• [PROBLEM REQUIREMENTS] Reproduce word for word every line from the one containing "Красиво выполненное рождественское" to the final line of the data below; omit the pictures.

• [RECORDED INFORMATION]
-- Opening Marker --
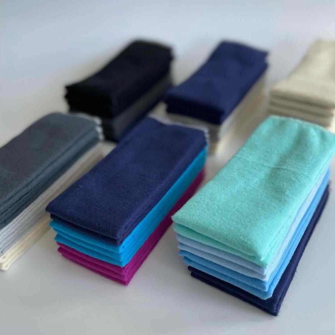 Our reusable paper towels and cloth wipes are made from super soft and absorbent 100% cotton flannel. These cloth towels and wipes are not pre-washed, so they are least absorbent when first used. Flannel naturally becomes softer and absorbent wash after wash.
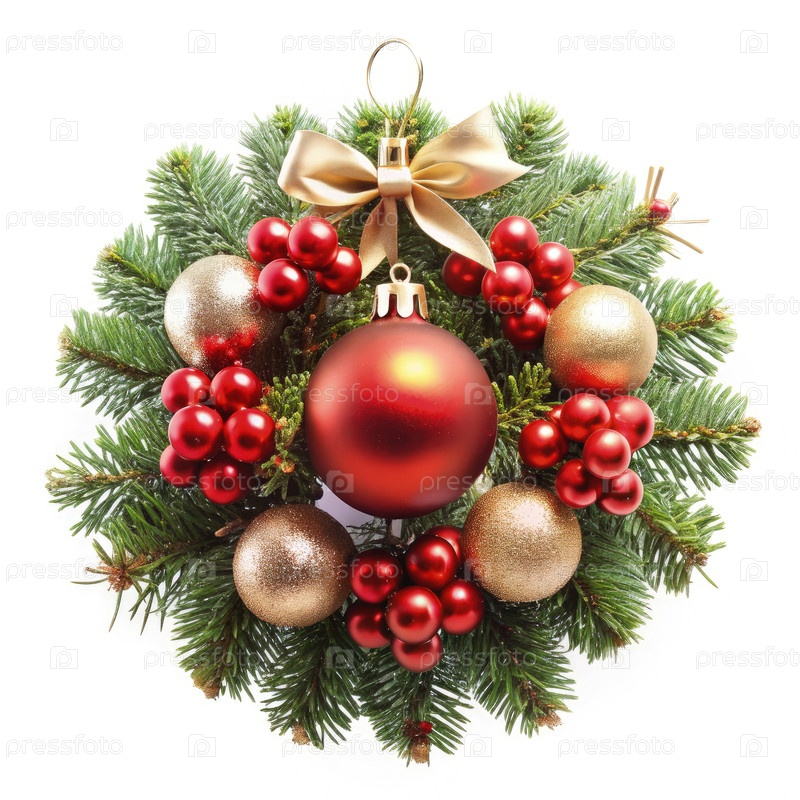Красиво выполненное рождественское украшение с праздничным венком, украшенным красными и золотыми орнаментами, идеально подходит для праздничных торжеств и домашнего декора
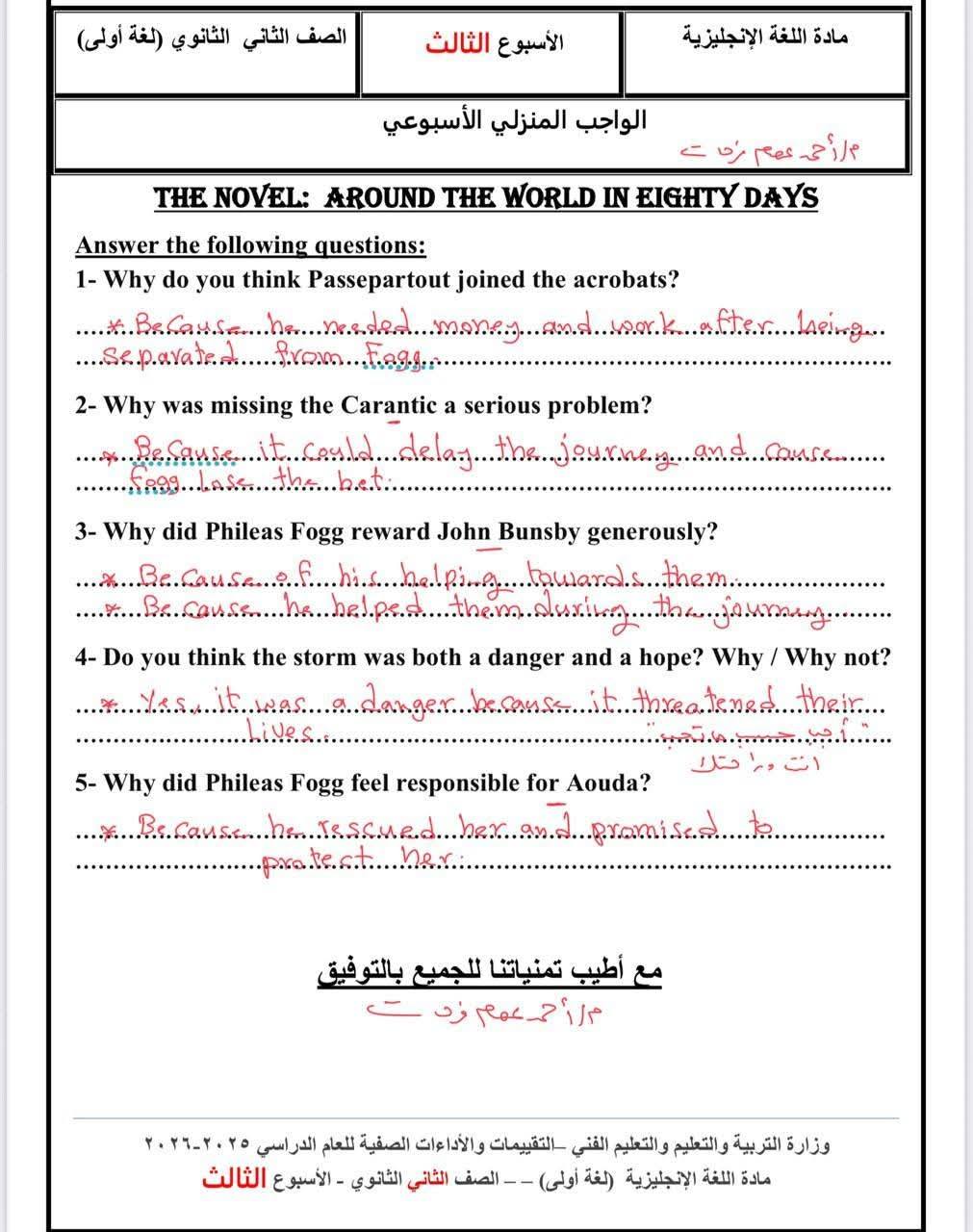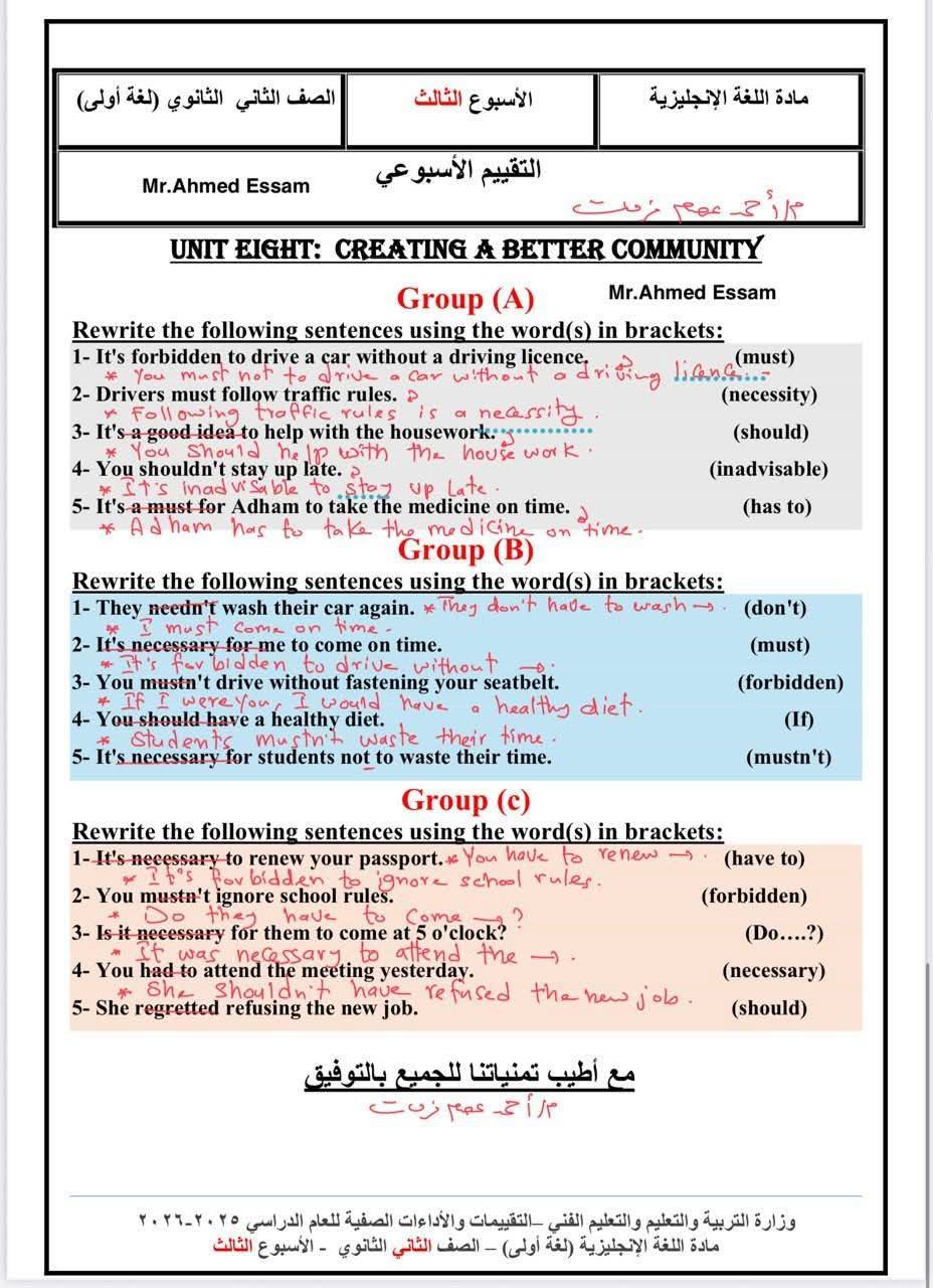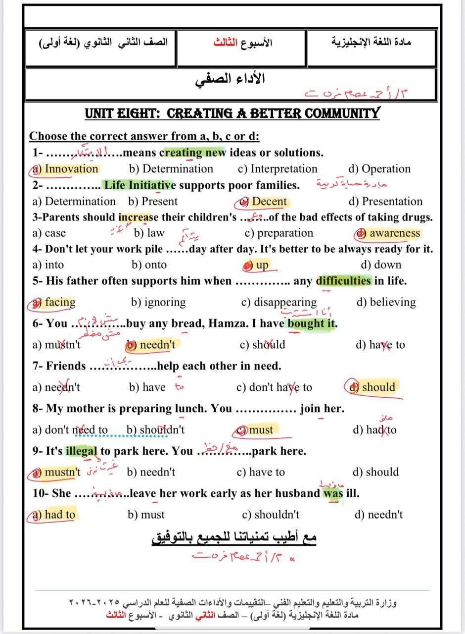 حل أسئلة تقييمات الأسبوع الثالث اللغة الإنجليزية ترم ثاني.. وتحميل أقوى أسئلة تقييم الأسبوع الثالث، تضمن لك دخول الامتحان وهو في جيبك، لطلاب وطالبات الصف الثاني الثانوي، من خلال امتحانات مادة اللغة الإنجليزية، تضمن لك مراجعات نهائية في منهج الفصل الدراسي الأول، والتى تعد مرجعا أساسيا في مراجعات نهائية، لمقرر المنهج الدراسي للعام الدراسي الجاري 2025-2026، أعدها خبراء المادة في وزارة التربية والتعليم، من أجل مراجعات نهائيه لطلاب الصف الثاني الثانوي.
-- Closing Marker --
• [SOLUTION FOR THIS PROBLEM]
Красиво выполненное рождественское украшение с праздничным венком, украшенным красными и золотыми орнаментами, идеально подходит для праздничных торжеств и домашнего декора
 حل أسئلة تقييمات الأسبوع الثالث اللغة الإنجليزية ترم ثاني.. وتحميل أقوى أسئلة تقييم الأسبوع الثالث، تضمن لك دخول الامتحان وهو في جيبك، لطلاب وطالبات الصف الثاني الثانوي، من خلال امتحانات مادة اللغة الإنجليزية، تضمن لك مراجعات نهائية في منهج الفصل الدراسي الأول، والتى تعد مرجعا أساسيا في مراجعات نهائية، لمقرر المنهج الدراسي للعام الدراسي الجاري 2025-2026، أعدها خبراء المادة في وزارة التربية والتعليم، من أجل مراجعات نهائيه لطلاب الصف الثاني الثانوي.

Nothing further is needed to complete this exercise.